TASK INSTRUCTIONS :: For the copy, please give all of the data again exactly and leave the pictures out.
━━━━━ SUPPLIED RECORDS
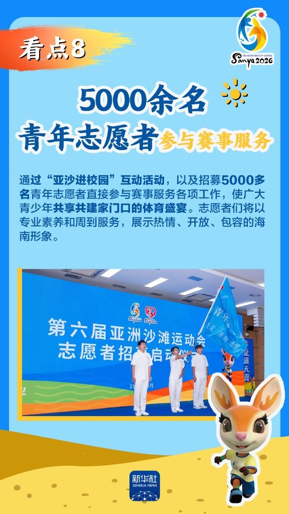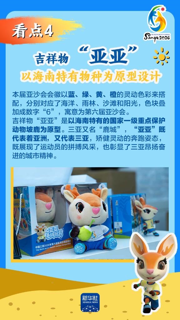 第六屆亞洲沙灘運動會(以下簡稱“亞沙會”)將于2026年4月22日至30日在海南三亞舉行,賽事歷時9天。作為海南自由貿(mào)易港封關(guān)運作后迎來的首個國際大型綜合性體育盛事,亞沙會都有哪些看點?為何值得期待?國新辦12日發(fā)布會做了詳細(xì)介紹,一起來看。
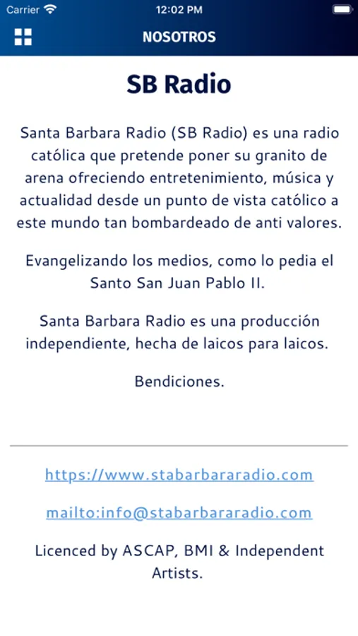 Finalmente una radio con música, actualidad y entretenimiento desde un punto de vista católico. Evangelizando los medios. Hecha de laicos para laicos. Santa Bárbara Radio busca colaborar con un granito de arena evangelizando a través de las redes sociales y el internet a este mundo tan bombardeado de anti valores, siguiendo la peticion del papa San Juan Pablo II "Evangelizar los medios".
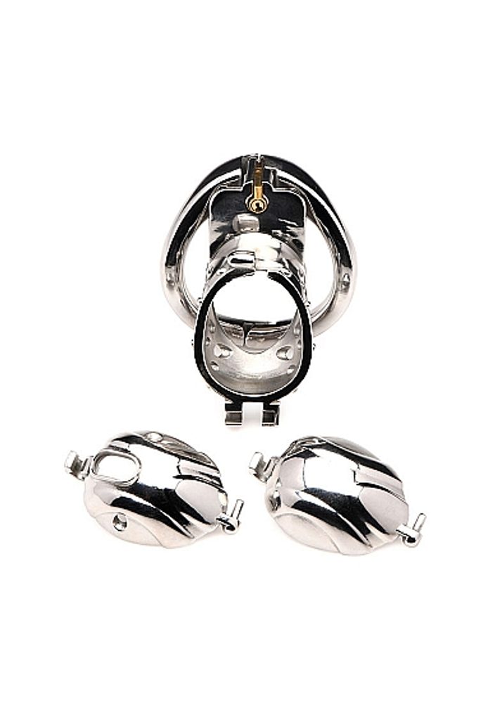 Mějte svou submisivní čubičku pod kontrolou s touto vzrušující klecí cudnosti od Master Series. Odolná klec má pohodlný a bezpečný design, je lehká a hypoalergenní a poskytuje optimální ventilaci pro vaši hygienu. Klec na penis je dodávána se 2 různými velikostmi kroužků a 2 různými ventily, takže si můžete přizpůsobit své individuální velikosti. Sada obsahuje náhradní klíče. Klec na penis vám zabrání dotknout se sebe a poskytuje maximální kontrolu nad vámi. Materiál je odolný proti korozi a snadno se čistí teplou vodou a čističem hraček. Klec na penis lze použít s jakýmkoliv typem lubrikantu.
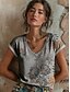 Dámské Tričko Tisk Květinový Grafika Graffiti Čechy Vinobraní Na běžné nošení Krátký rukáv Do V Běžné topy Denní Trávová zelená Šedá Léto Jaro
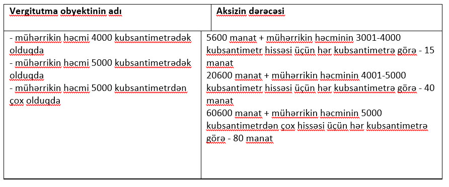 Mühərrikin həcmi 5 000 kubsantimetrədək olduqda 20 600 manat + mühərrikin həcminin 4 001-5 000 kubsantimetr hissəsi üçün hər kubsantimetrə görə - 40 manat (hazırda 18 600 manat + hər kubsantimetrə görə 35 manatdır) ödəniləcək.
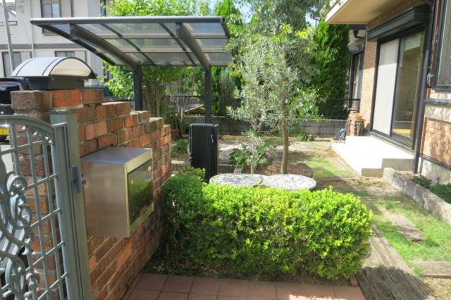 2台目の車を停める場所が門袖の前になってしまい、車があると郵便をポストに入れづらく、配達員さんにご迷惑をかけてしまっていました。このままでは申し訳ないという気持ちと、自分達の不便さを解消できるようリガーデンを決意されたY様。今では使わなくなってしまったサイクルポートを撤去し、ガーデニングスペースと駐車スペースを拡張しました。門柱は重厚感ある明るい表情に変わりました。配達員さんもこれなら楽々ですね。
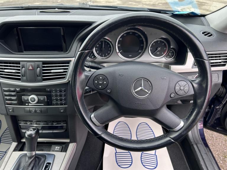 Mercedes-benz E Class 2.1 E220 CDI BlueEfficiency Avantgarde finished in Blue (Auto), 96553 miles. This car comes with a Full Service History. Only £4,995 Stowage compartment with 12V socket 8 Speakers Audio 20 Radio & CD & MP3 player with 5in colour screen Bluetooth interface for Handsfree telephone Tyre pressure warning 17in 10 Twin Spoke Alloy Wheels 17in 5 Twin Spoke Alloy Wheels Model designation deletion Partial Electric Front Seats & backrest & height adjust Auto dual- zone Climate Control System Black Ash Interior Trim Drivers lumbar support Heated Front Seats Lowered suspension Comfort suspension
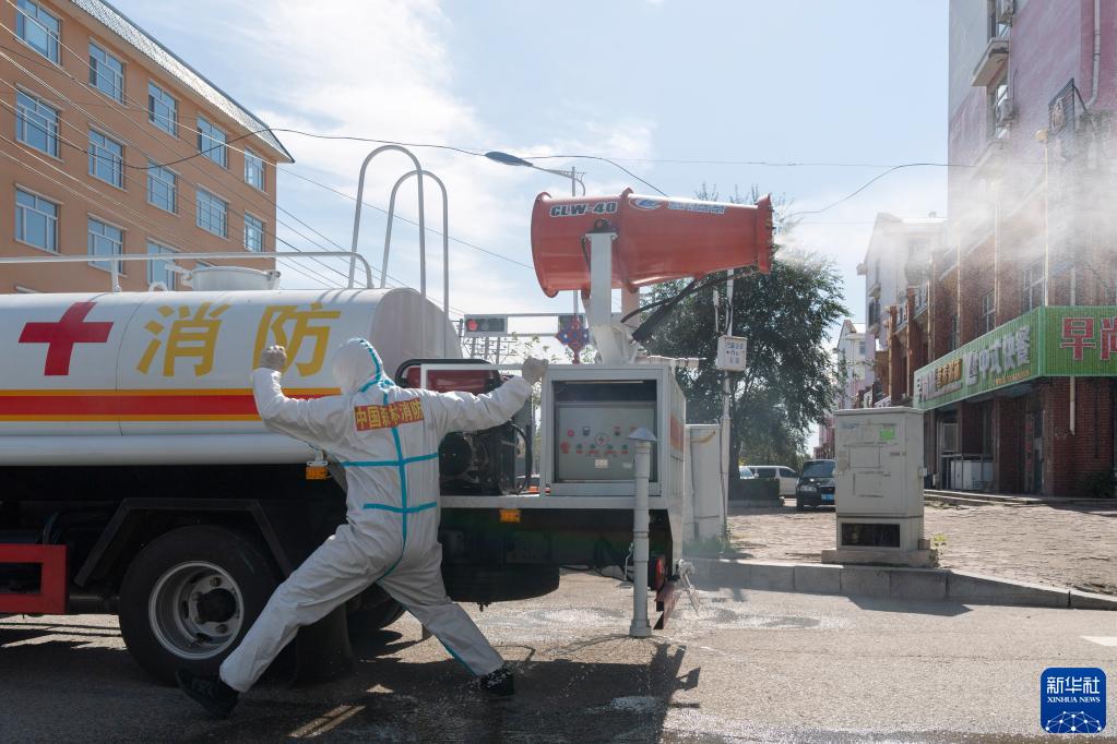 9月24日,在哈尔滨市巴彦县兴隆镇,哈尔滨市森林消防支队兴隆大队的消防员开启车上的消杀设备。
━━━━━━━━━━
REPLY ::
 第六屆亞洲沙灘運動會(以下簡稱“亞沙會”)將于2026年4月22日至30日在海南三亞舉行,賽事歷時9天。作為海南自由貿(mào)易港封關(guān)運作后迎來的首個國際大型綜合性體育盛事,亞沙會都有哪些看點?為何值得期待?國新辦12日發(fā)布會做了詳細(xì)介紹,一起來看。
 Finalmente una radio con música, actualidad y entretenimiento desde un punto de vista católico. Evangelizando los medios. Hecha de laicos para laicos. Santa Bárbara Radio busca colaborar con un granito de arena evangelizando a través de las redes sociales y el internet a este mundo tan bombardeado de anti valores, siguiendo la peticion del papa San Juan Pablo II "Evangelizar los medios".
 Mějte svou submisivní čubičku pod kontrolou s touto vzrušující klecí cudnosti od Master Series. Odolná klec má pohodlný a bezpečný design, je lehká a hypoalergenní a poskytuje optimální ventilaci pro vaši hygienu. Klec na penis je dodávána se 2 různými velikostmi kroužků a 2 různými ventily, takže si můžete přizpůsobit své individuální velikosti. Sada obsahuje náhradní klíče. Klec na penis vám zabrání dotknout se sebe a poskytuje maximální kontrolu nad vámi. Materiál je odolný proti korozi a snadno se čistí teplou vodou a čističem hraček. Klec na penis lze použít s jakýmkoliv typem lubrikantu.
 Dámské Tričko Tisk Květinový Grafika Graffiti Čechy Vinobraní Na běžné nošení Krátký rukáv Do V Běžné topy Denní Trávová zelená Šedá Léto Jaro
 Mühərrikin həcmi 5 000 kubsantimetrədək olduqda 20 600 manat + mühərrikin həcminin 4 001-5 000 kubsantimetr hissəsi üçün hər kubsantimetrə görə - 40 manat (hazırda 18 600 manat + hər kubsantimetrə görə 35 manatdır) ödəniləcək.
 2台目の車を停める場所が門袖の前になってしまい、車があると郵便をポストに入れづらく、配達員さんにご迷惑をかけてしまっていました。このままでは申し訳ないという気持ちと、自分達の不便さを解消できるようリガーデンを決意されたY様。今では使わなくなってしまったサイクルポートを撤去し、ガーデニングスペースと駐車スペースを拡張しました。門柱は重厚感ある明るい表情に変わりました。配達員さんもこれなら楽々ですね。
 Mercedes-benz E Class 2.1 E220 CDI BlueEfficiency Avantgarde finished in Blue (Auto), 96553 miles. This car comes with a Full Service History. Only £4,995 Stowage compartment with 12V socket 8 Speakers Audio 20 Radio & CD & MP3 player with 5in colour screen Bluetooth interface for Handsfree telephone Tyre pressure warning 17in 10 Twin Spoke Alloy Wheels 17in 5 Twin Spoke Alloy Wheels Model designation deletion Partial Electric Front Seats & backrest & height adjust Auto dual- zone Climate Control System Black Ash Interior Trim Drivers lumbar support Heated Front Seats Lowered suspension Comfort suspension
 9月24日,在哈尔滨市巴彦县兴隆镇,哈尔滨市森林消防支队兴隆大队的消防员开启车上的消杀设备。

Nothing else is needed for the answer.